From the viewpoint of fundamental biology, however, the precise molecular and cellular function of LRRK2 still remains elusive. Only recently, Rab GTPases were identified as bona fide substrates that are phosphorylated by LRRK2, confirming previous reports connecting LRRK2 and intracellular trafficking.[6]

Gene and protein expression data show that LRRK2 is highly expressed in cells of the immune system, in particular myelocytic cells.[5] Altogether, these studies support the idea that LRRK2 is primarily implicated in intracellular trafficking and immunity, opening a new perspective in the context of the immunological component of PD pathology. The idea of an association between LRRK2 and inflammation was primarily based on a genome wide association study showing that genetic polymorphisms in LRRK2 are associated with multibacillary leprosy.[7] Leprosy reactions are acute immune-related inflammatory episodes against M. leprae that occur during the chronic course of leprosy. These reactions predominate in individuals classified as multibacillary and are responsible for irreversible nerve damage. Subsequently, studies in the Han Chinese population confirmed that LRRK2 is a susceptible gene in leprosy.[8]

LRRK2 Function in Intracellular Trafficking: Rab GTPases Lead the Way

Eukaryotic cells differ fundamentally from prokaryotes by possessing internal membranous compartments: the organelles. Intracellular organelles are spatially segregated but functionally connected by the trafficking of different cargos from one compartment to another by the processes of membrane fusion and fission. The control of trafficking events between organelles is critical for the majority of cellular responses that are regulated by a family of small GTPases, Rab proteins.
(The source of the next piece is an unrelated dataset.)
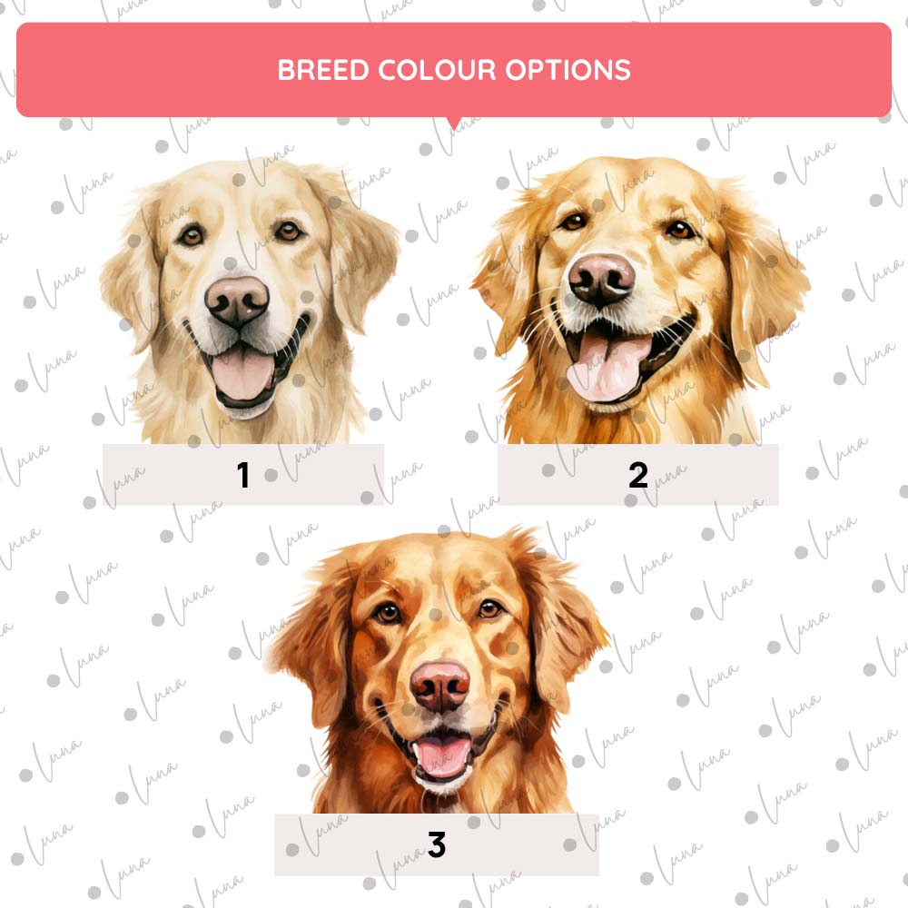 - Soft watercolour-style Golden Retriever illustration with your chosen breed colouring

LRRK2 is functionally associated with a number of intracellular pathways such as endocytosis, phagocytosis, and autophagocytosis as well as lysosomal and retromer function.[9] LRRK2 is implicated in intracellular trafficking via regulation of several Rab GTPases such as Rab7, Rab29, and Rab32. However, in these studies, the link between LRRK2 kinase activity and Rab protein function was not entirely clear.[10,11] The identification of Rab GTPases as physiological LRRK2 substrates was a major breakthrough in the LRRK2 research field[6] and provided a mechanistic link between LRRK2 and vesicle trafficking.[9] Functionally, these findings argue that LRRK2 modulates a distinct set of Rab GTPase effector functions by regulating effector binding. This study also implies that LRRK2 might regulate processes that are beyond the currently described roles of these Rab GTPases in endocytosis, exocytosis, and membrane recycling. More importantly, these observations opened the possibility to indirectly monitor LRRK2 activation by measuring Rab GTPase phosphorylation. Several Rab proteins were identified as substrates of LRRK2 such as Rab8, Rab10, Rab12, and Rab35, implying that LRRK2 might control a significant number of intracellular pathways ranging from endocytosis to autophagocytosis and phagocytosis.[12]

Whereas it is clear that different subsets of Rab GTPases can be phosphorylated by LRRK2,[6,13] how exactly phosphorylation by LRRK2 regulates vesicular trafficking is less clear. For example, only a minor fraction of the Rab intracellular pool is phosphorylated, and it has been reported that over 50 Rab proteins are phosphorylated by LRRK2. Some of the implicated Rab proteins such as Rab8A are widely expressed in both immune and nonimmune cells, but others such as Rab43 show a cell-type specific expression pattern.[14,15] This strongly suggest a cell-type specific spatiotemporal control of Rab GTPase phosphorylation (see below), and further studies in this area will shed light into this.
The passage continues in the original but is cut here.